Il 1955 fu l’anno del cd. “boom economico” e con esso vi furono una serie di Decreti del Presidente della Repubblica, ora abrogati, che trattavano la prevenzione degli infortuni sul lavoro (D.P.R. 547/1955), le norme d’igiene del lavoro  (D.P.R. 303/1956) e altri testi legislativi.

Infatti, il concetto moderno della “sicurezza del lavoro” ha il suo esordio con la cd.
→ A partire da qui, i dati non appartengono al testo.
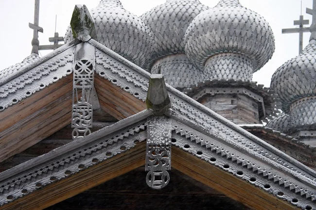 Здание полностью деревянное, а серебристые купола являются единственным элементом, собранным с помощью гвоздей. Легенда гласит, что его создатель - мастер по имени Нестор использовал один топор. А когда закончил работу, выбросил инструмент в озеро со словами, что второго такого не было и больше не будет.
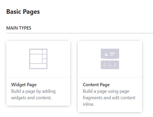A partir de Liferay 7.1 se tienen dos tipos de páginas: widget page y content page. Las widget page son las páginas ‘clásicas’ compuestas por conjuntos de instancias de portlets que se distribuyen dentro de la página mediante el layout. Por el contrario, las content page se componen mediante una secuencia de secciones horizontales llamadas Fragments.
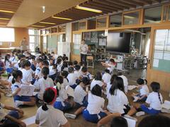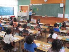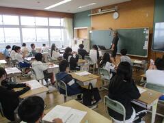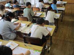 はじめに、各学年の授業の様子を参観していただきました。登下校や休みの日の姿とは違い、学習に真剣に取り組む子供たちの姿に大変感心されていらっしゃいました。

Rivoluzione industriale “del terzo periodo” ovvero quello che inizia, come detto nel paragrafo precedente, nel 1970 con l’introduzione massiccia dell’elettronica, delle telecomunicazioni e dell’informatica.

Ma fin qui si ebbe una moltitudine di leggi che non erano “legate” in un corpus iuris che potesse dare un contributo efficace al Magistrato impegnato a rubricare un certo tipo di fatto reato, era quindi necessario avere un testo unico e forse i tempi erano maturi!

Sicurezza sul lavoro: la 626

Alla fine degli anni ottanta, si dovette dare attuazione alle direttive del Consiglio Europeo in materia di sicurezza e salute dei lavoratori e proprio in virtù di esse, precedute da vari Decreti del Presidente della Repubblica, nacque il D.Lgs 19/09/1994, n. 626.

Finalmente l’Italia ebbe il suo primo testo unico sulla salute e sicurezza nei luoghi di lavoro, presentandoci così una raccolta di norme che disciplinavano una materia “settoriale” in modo organico, ma che dopo una serie di vicissitudini, anche il D.L.vo 626/1994, fu abrogato dall’odierno D.Lgs 81/2008 attualmente in vigore.

Il decreto 81/2008

Il D.Lgs 81/2008 è suddiviso in 13 titoli. Quest’ultimi, dopo le disposizioni generali entrano nel merito dei luoghi di lavoro, trattano le attrezzature di lavoro e dei dispositivi di protezione individuale, attraversano tutta la disciplina con i vari rischi e con un titolo dedicato anche sulla protezione dalle ferite da taglio e da punta nel settore ospedaliero e sanitario, chiudendo con due appendici A e B e una serie di cinquantuno allegati.

Sin qui la storia della normativa sulla salute e sicurezza nei luoghi di lavoro. È vero, si tratta di una normativa complessa, a volte di non facile applicazione! Comunque sta a noi interpretarla migliorando la sicurezza di tutti coloro che partecipano all’attività lavorativa, sia pubblica sia privata.